-- Opening Marker --

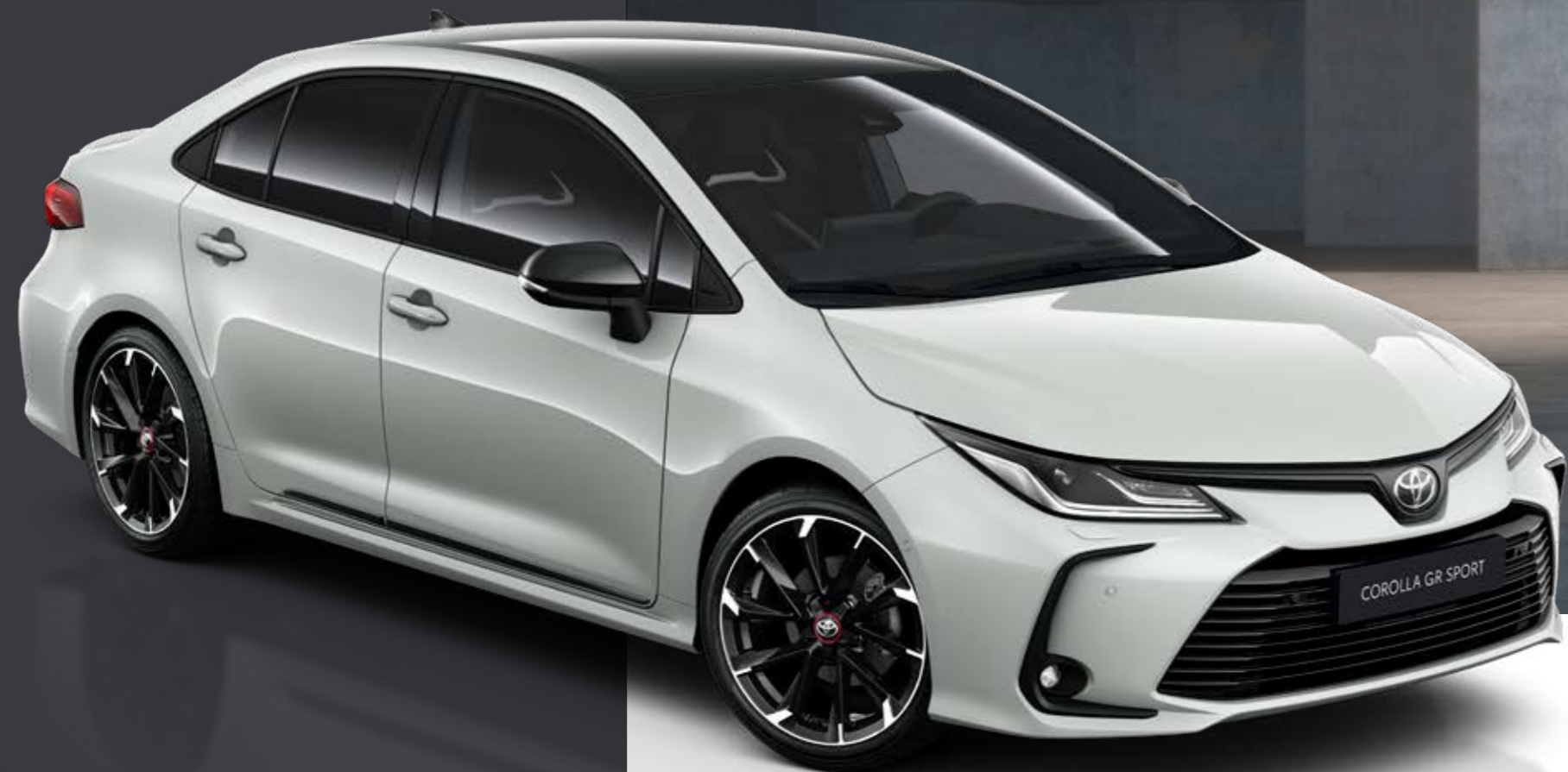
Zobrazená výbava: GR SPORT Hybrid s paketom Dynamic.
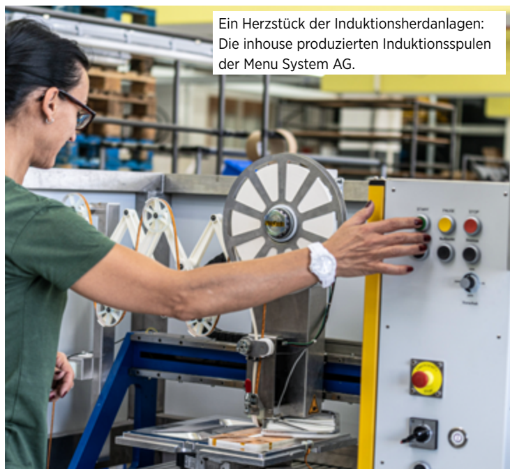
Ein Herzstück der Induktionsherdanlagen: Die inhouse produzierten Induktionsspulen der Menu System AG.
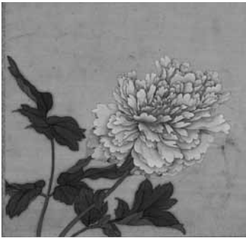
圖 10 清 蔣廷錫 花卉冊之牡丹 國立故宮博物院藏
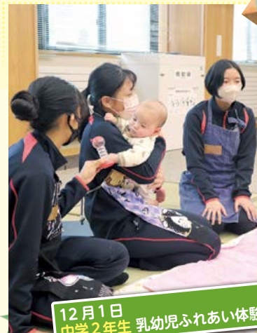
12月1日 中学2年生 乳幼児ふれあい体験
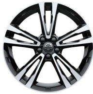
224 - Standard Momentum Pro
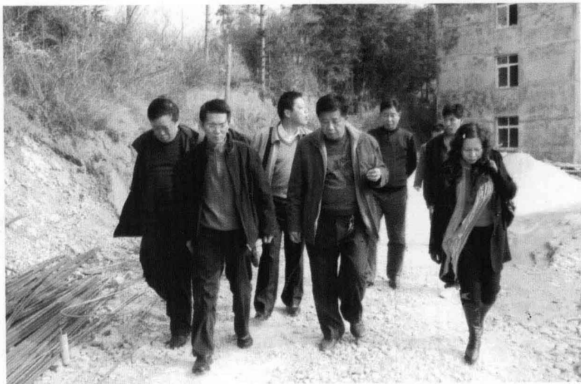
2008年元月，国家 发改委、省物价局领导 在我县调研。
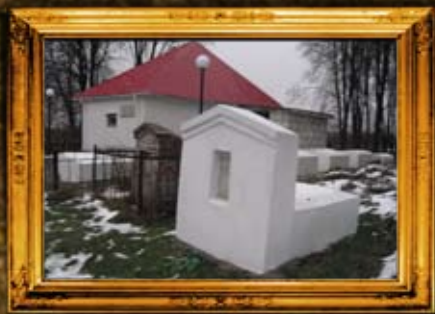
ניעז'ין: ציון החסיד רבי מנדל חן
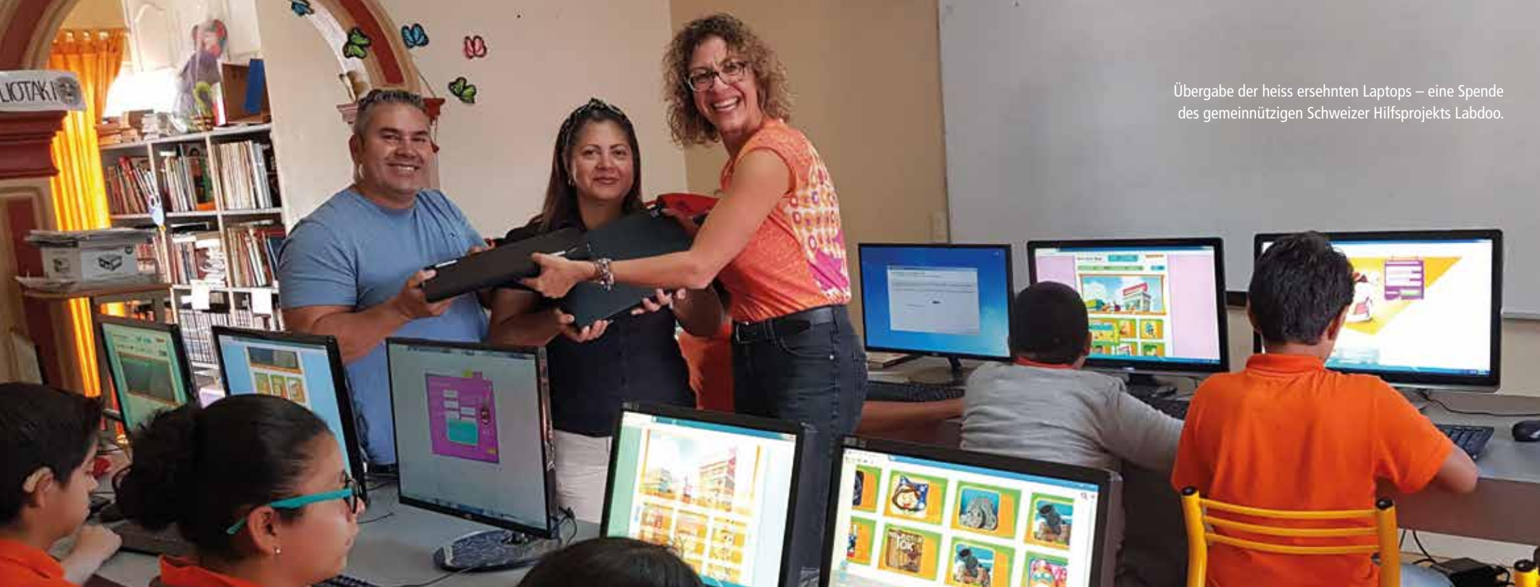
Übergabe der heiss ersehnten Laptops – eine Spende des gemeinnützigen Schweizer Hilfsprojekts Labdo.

-- Closing Marker --

In the copy, include no pictures; transcribe every record above verbatim.

Zobrazená výbava: GR SPORT Hybrid s paketom Dynamic.
Ein Herzstück der Induktionsherdanlagen: Die inhouse produzierten Induktionsspulen der Menu System AG.
圖 10 清 蔣廷錫 花卉冊之牡丹 國立故宮博物院藏
12月1日 中学2年生 乳幼児ふれあい体験
224 - Standard Momentum Pro
2008年元月，国家 发改委、省物价局领导 在我县调研。
ניעז'ין: ציון החסיד רבי מנדל חן
Übergabe der heiss ersehnten Laptops – eine Spende des gemeinnützigen Schweizer Hilfsprojekts Labdo.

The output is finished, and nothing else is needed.